Presenting the final report on tax reforms, Dr Vijay Kelkar.

THE Consultation Paper of the Task Force on Direct Taxes was made available on the Web site of the Ministry of Finance and Company Affairs, inviting comments and suggestions of all concerned. A panel has attempted to distill the major themes that emerged from the reactions to the consultation paper.

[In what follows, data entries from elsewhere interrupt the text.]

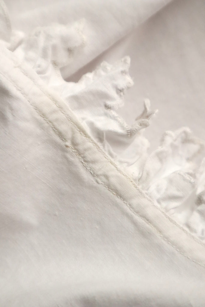 葉のようなギザギザとしたスカラップ刺繍が施されています。
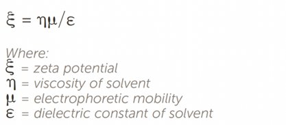 zeta 电位测量的主要结果是电泳迁移率 μ,然后使用以下公式计算 zeta 电位:
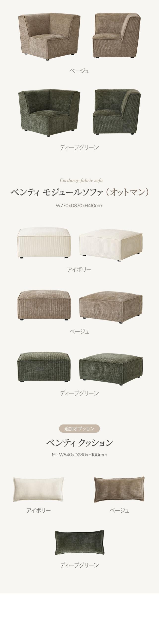 roomnhome モジュール ソファ Venti 4点セット コーデュロイ生地 カウチソファー セット オットマン ユニットソファ おしゃれ L字 I字 1人掛け 2人掛け 3人掛け 二人掛け 肘付き 韓国 インテリア(代引不可)【送料無料】
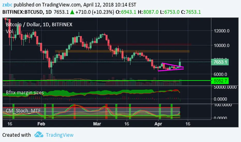 This displays the long and short margin sizes of BTCUSD on Bitfinex. When longs are higher volume, difference is filled with green color; when shorts are higher, the fill is red. Also at the bottom the total volume change vs the SMA20 is displayed. Green bars means net change is favoring longs, red the opposite. Let me know if you would like to see other additions/changes.
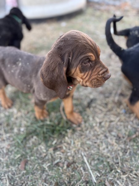10 week old litter ready for new homes. 2 liver and tan females, 2 black and tan females, 2 black and tan males. Vet checked, vaccinated, come with AKC registration papers upon purchase. $1000

Excerpts from the `Response of the Task Force':

Approach for reformulation

One of the most perceptive reactions received by the Task Force is that while appreciating the thrust of our tax reforms proposals, the advice is that it must have a human face. In other words, it must especially address the concerns of the vulnerable sections such as senior citizens. It was felt that the Consultation Paper was not sufficiently sensitive to the problems and requirements (such as housing and old age income security) of senior citizens and low-income groups. The Task Force accepts this thoughtful advice.

Hence, in reformulating our proposals, while maintaining their essential thrust and approach, we have accepted the principle that no vulnerable class of taxpayer shall be worse off because of our proposals. Keeping this principle in view, the Task Force has modified its consultation paper proposals so as to, inter alia,

  • provide additional tax reliefs to senior citizens;

  • maintain fiscal support to the housing needs of low-income groups, and
  • strengthen old-age income security by encouraging long-term savings. We would however also like to add that, in addition to the proposed tax measures, the Government will need to formulate, sooner rather than later, a well-functioning pension system based on contributions by individuals into personal pension accounts.

    Benefits for salaried and non-salaried tax-payers

    A major underlying theme in the comments received was that the Task Force proposals are pro-corporate sector rather than pro-individual tax-payers. Fortunately, this perception is easy to rebut since it could not be further from the truth.

    With the proposed personal tax rates, disposable income will be higher for every class of taxpayer. This also means that the entire middle class will benefit from our proposals. It is estimated that the personal tax burden for the existing taxpayers will be reduced by as much as Rs 7,900 crore per annum.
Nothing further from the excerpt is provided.